Например, величайший из схоластов посвящает фолианты подробному описанию того, каким был бы мир, если бы Адам отказался от яблока; какими были бы короли, законы, младенцы, животные, планеты в непавшем мире. Настолько интенсивно он чувствует, что Адам мог бы решить иначе, что он видит полное и сложное видение другого мира, мира, который теперь никогда не может быть.

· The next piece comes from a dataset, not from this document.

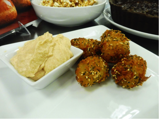 First dish on the menu was Smack Caramel Corn, homemade caramel popcorn infused with bacon. After the completion of each dish, samples were distributed to guests as the band played "Take on Me" by A-ha . The second dessert was Banana Fritters with Tahini Caramel Cream, a crowd pleaser for cocktail parties. The grand finale was the Smoky Chocolate-Ginger Ganache Tart. Midway through rolling chocolate dough, he suddenly stopped for a pop quiz session about baking jargon and kitchen appliances. The audience gladly responded back with their best answers. Chef Iuzzini shared stories about his childhood and travels in France while the audience tasted delicious samples of the finished products. He shared his best practices on how to craft the perfect crust, and the audience "oohed" and "aahhed," to the murmurs of, "Why didn't I think of that?" The cooking show was twice as funny as the Spazmatics repeatedly interjected with pre-recorded sounds of laughter, claps, and special audio effects during Chef Iuzzini's storytelling.

Это чувство потока жизни в человеке, который может повернуться в любую сторону, можно почувствовать через всю их популярную этику в легендах, хрониках и балладах. Это чувство, которое было ослаблено среди нас двумя тяжелыми интеллектуальными силами. Кальвинизм семнадцатого века и физическая наука девятнадцатого, какие бы другие истины они ни преподавали, омрачили эту свободу чувством рока. Мы думаем о плохих людях как о чем-то вроде черных людей, отдельном и неизлечимом роде людей. Байронический дух был на самом деле своего рода оперным кальвинизмом. Он вывел злодея на сцену; потерянную душу; современную версию короля Иоанна. Но современники короля Иоанна не чувствовали этого по отношению к нему, даже когда они ненавидели его. Они инстинктивно чувствовали, что он человек смешанных страстей, как и они сами, который позволял своим злым страстям иметь слишком много времени. Они могли бы говорить о нем как о человеке, находящемся в значительной опасности попасть в ад; но они не говорили бы о нем так, как будто он пришел оттуда. В балладах Перси или Робин Гуда часто случается, что король появляется на сцене, и его окончательное решение составляет кульминацию рассказа. Но мы не чувствуем, как в байроническом или современном романе, что есть определенная сценическая директива «Входит Тиран». Мы также не видим deus ex machina, который обязательно сделает все, что мягко и справедливо. Король в балладе находится в состоянии мужественной нерешительности. Иногда он переходит от возвышенной страсти к самому широкому великодушию и дружелюбию; иногда он начинает акт мести и отворачивается от него шуткой. И все же это августейшее легкомыслие — не моральное безразличие; это моральная свобода. Это сильное чувство у автора, что король, будучи типом человека с властью, вероятно, иногда будет использовать ее плохо, а иногда хорошо. В этом смысле Иоанн, безусловно, представлен неверно, ибо он изображен как нечто, чего никто из его собственных друзей или врагов не видел. В этом смысле он, безусловно, был не так черен, как его малюют, ибо он жил в мире, где каждый был пестрым.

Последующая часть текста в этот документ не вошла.